| lists.openwall.net | lists / announce owl-users owl-dev john-users john-dev passwdqc-users yescrypt popa3d-users / oss-security kernel-hardening musl sabotage tlsify passwords / crypt-dev xvendor / Bugtraq Full-Disclosure linux-kernel linux-netdev linux-ext4 linux-hardening linux-cve-announce PHC | |
|
Open Source and information security mailing list archives
| ||
|
Date: Thu, 22 Dec 2016 12:21:06 -0800
From: tip-bot for Thomas Gleixner <tipbot@...or.com>
To: linux-tip-commits@...r.kernel.org
Cc: mingo@...nel.org, tglx@...utronix.de, peterz@...radead.org,
hpa@...or.com, bigeasy@...utronix.de, linux-kernel@...r.kernel.org
Subject: [tip:smp/urgent] cpu/hotplug: Prevent overwriting of callbacks
Commit-ID: ab92ca2014a32ea5dc7f954f84661f6d96f0ba26
Gitweb: http://git.kernel.org/tip/ab92ca2014a32ea5dc7f954f84661f6d96f0ba26
Author: Thomas Gleixner <tglx@...utronix.de>
AuthorDate: Wed, 21 Dec 2016 20:19:49 +0100
Committer: Thomas Gleixner <tglx@...utronix.de>
CommitDate: Thu, 22 Dec 2016 11:37:54 +0100
cpu/hotplug: Prevent overwriting of callbacks
Developers manage to overwrite states blindly without thought. That's fatal
and hard to debug. Add sanity checks to make it fail.

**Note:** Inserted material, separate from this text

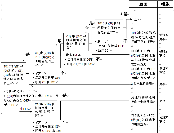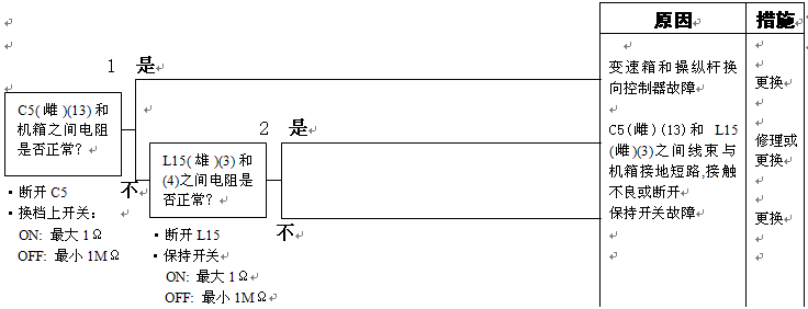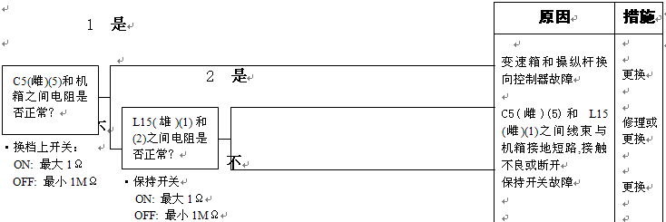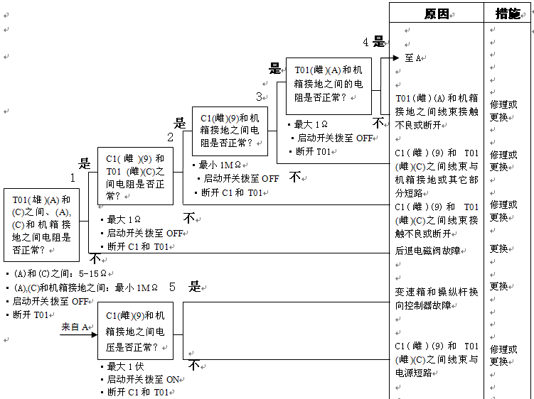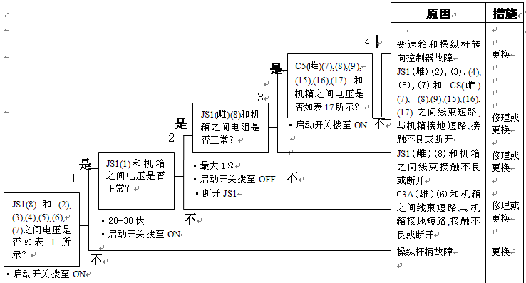 1)變速箱和操縱桿控制器C1(雌)(3)和機箱接地之間的電阻:5-15Ω 2)變速箱和操縱桿控制器C1(3)和機箱接地在空擋時的電壓:小于1伏 |

This requries to restructure the code so that the dynamic state allocation
happens in the same lock protected section as the actual store. Otherwise
the previous assignment of 'Reserved' to the name field would trigger the
overwrite check.
Signed-off-by: Thomas Gleixner <tglx@...utronix.de>
Cc: Peter Zijlstra <peterz@...radead.org>
Cc: Sebastian Siewior <bigeasy@...utronix.de>
Link: http://lkml.kernel.org/r/20161221192111.675234535@linutronix.de
Signed-off-by: Thomas Gleixner <tglx@...utronix.de>
---
kernel/cpu.c | 96 +++++++++++++++++++++++++++++++-----------------------------
1 file changed, 50 insertions(+), 46 deletions(-)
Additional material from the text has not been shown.